▸ Recorded data:
#####

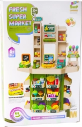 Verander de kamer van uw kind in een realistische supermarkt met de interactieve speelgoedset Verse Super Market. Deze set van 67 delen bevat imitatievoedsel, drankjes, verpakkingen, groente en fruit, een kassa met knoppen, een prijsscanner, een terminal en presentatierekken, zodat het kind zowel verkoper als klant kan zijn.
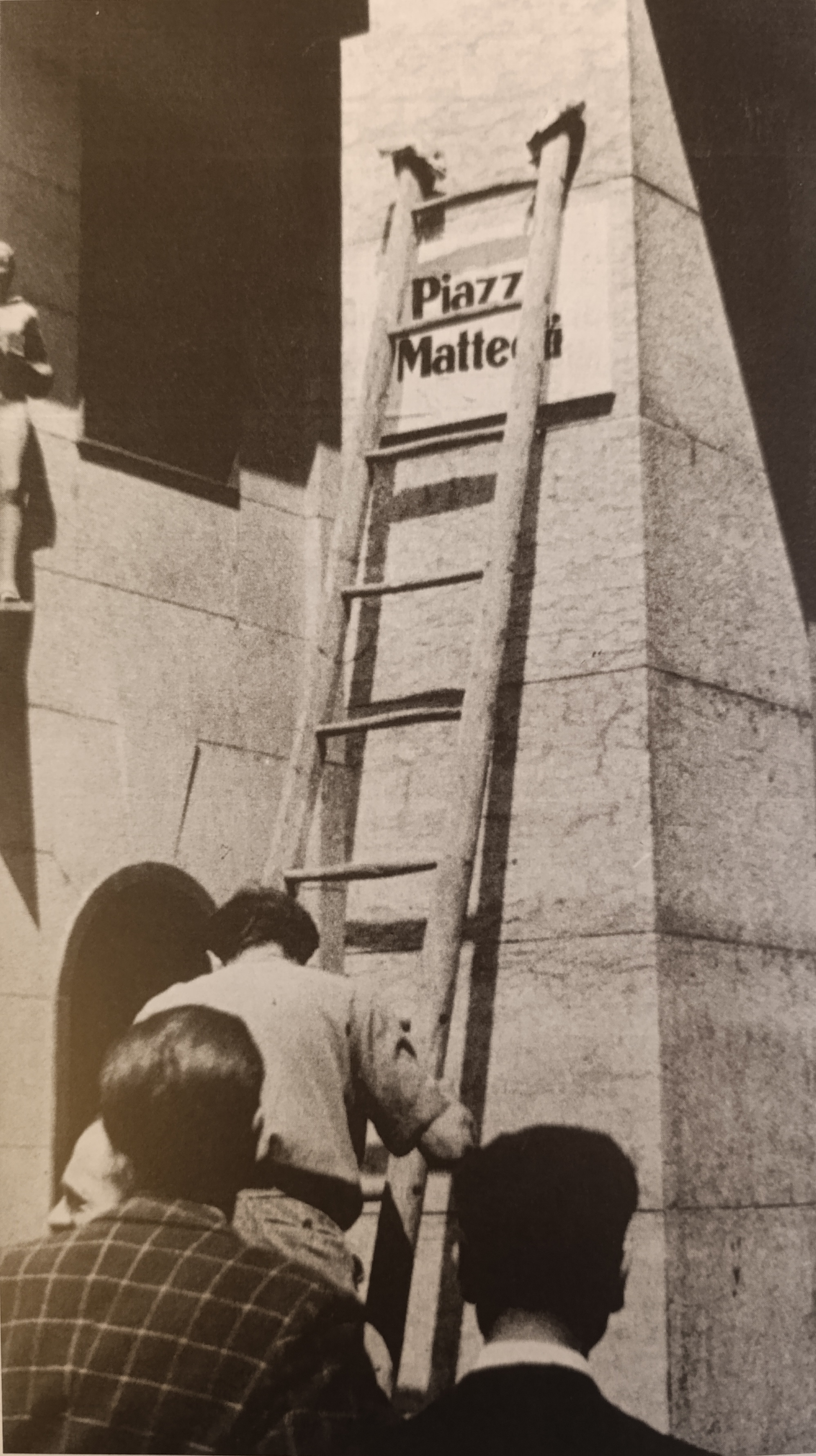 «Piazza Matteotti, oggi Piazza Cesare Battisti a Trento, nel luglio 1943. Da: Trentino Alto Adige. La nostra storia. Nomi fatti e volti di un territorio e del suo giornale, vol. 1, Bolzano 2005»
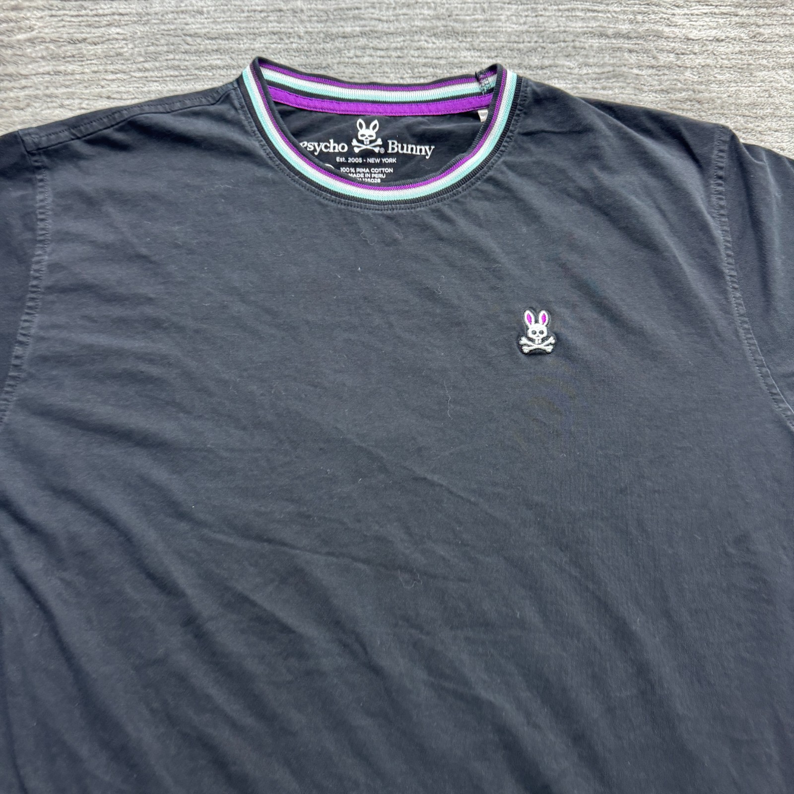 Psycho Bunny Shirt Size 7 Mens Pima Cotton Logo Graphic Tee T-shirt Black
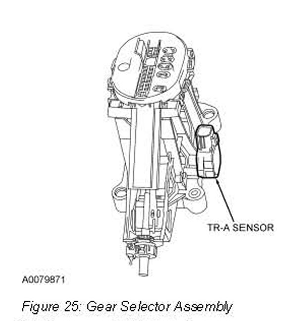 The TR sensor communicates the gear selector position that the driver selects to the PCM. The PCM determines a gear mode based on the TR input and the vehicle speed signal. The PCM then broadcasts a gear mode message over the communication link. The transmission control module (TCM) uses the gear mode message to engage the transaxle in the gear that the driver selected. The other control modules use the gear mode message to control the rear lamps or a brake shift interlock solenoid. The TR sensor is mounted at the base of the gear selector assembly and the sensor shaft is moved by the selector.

#####

Only the lines from the first line of the data above through the line with "Psycho Bunny Shirt" should appear in the answer, retyped exactly, with every picture left out.

 Verander de kamer van uw kind in een realistische supermarkt met de interactieve speelgoedset Verse Super Market. Deze set van 67 delen bevat imitatievoedsel, drankjes, verpakkingen, groente en fruit, een kassa met knoppen, een prijsscanner, een terminal en presentatierekken, zodat het kind zowel verkoper als klant kan zijn.
 «Piazza Matteotti, oggi Piazza Cesare Battisti a Trento, nel luglio 1943. Da: Trentino Alto Adige. La nostra storia. Nomi fatti e volti di un territorio e del suo giornale, vol. 1, Bolzano 2005»
 Psycho Bunny Shirt Size 7 Mens Pima Cotton Logo Graphic Tee T-shirt Black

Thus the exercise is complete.